» **Data extract**
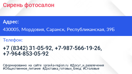 Сирень, фотосалон по адресу 430005, Мордовия, Саранск, Республиканская, 39Б в дальнейшем Организация, размещена в следующих категориях:
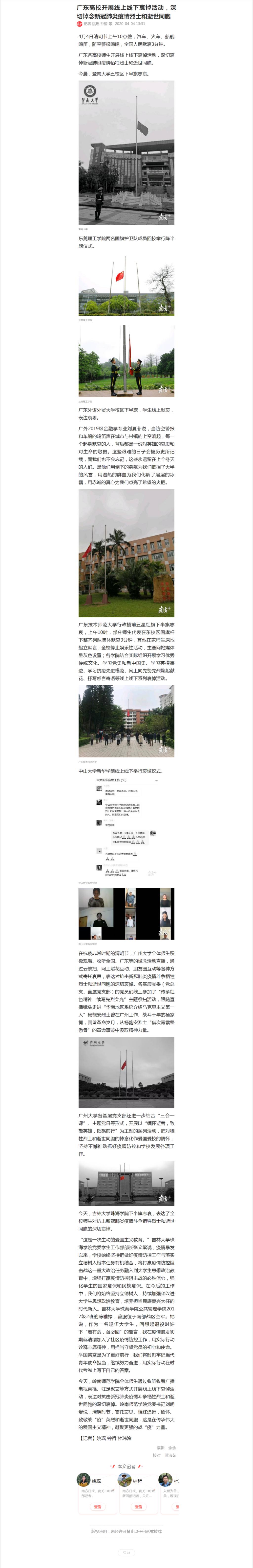 广东各高校师生开展线上线下哀悼活动,深切哀悼新冠肺炎疫情牺牲烈士和逝世同胞。
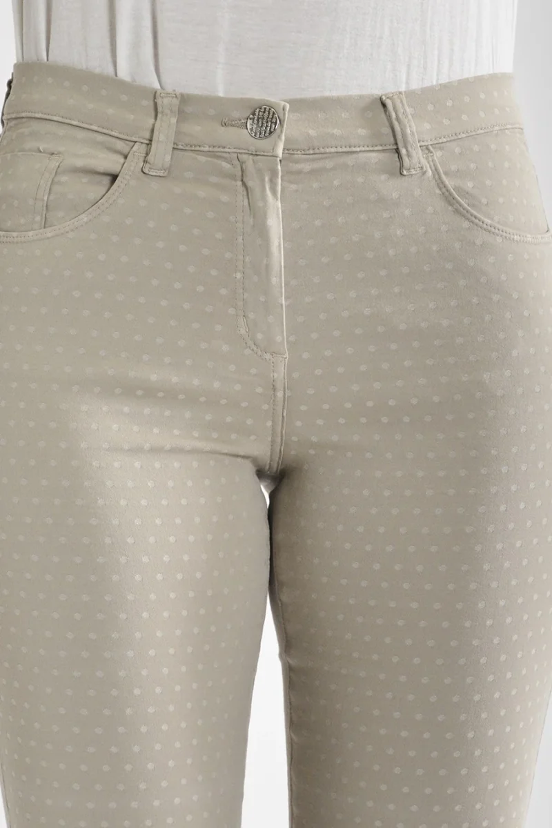 Pantalone Donna Slim Cotone stretch fantasia jacquard Peso tessuto: prrimavera/estate Pantalone in cotone stretch disegno jacquard Vestibilitร slim Vita media Modello 5 tasche La modella รจ alta 177cm e indossa la taglia 42 nel colore Topaz e taglia 44 negli altri colori Composizione: 60%cotone 37%viscosa 3%elastan Manutenzione:

» **Task instructions**
Could you print the data exactly as it appears and keep the pictures out?

» **Answer to the problem**
 Сирень, фотосалон по адресу 430005, Мордовия, Саранск, Республиканская, 39Б в дальнейшем Организация, размещена в следующих категориях:
 广东各高校师生开展线上线下哀悼活动,深切哀悼新冠肺炎疫情牺牲烈士和逝世同胞。
 Pantalone Donna Slim Cotone stretch fantasia jacquard Peso tessuto: prrimavera/estate Pantalone in cotone stretch disegno jacquard Vestibilitร slim Vita media Modello 5 tasche La modella รจ alta 177cm e indossa la taglia 42 nel colore Topaz e taglia 44 negli altri colori Composizione: 60%cotone 37%viscosa 3%elastan Manutenzione:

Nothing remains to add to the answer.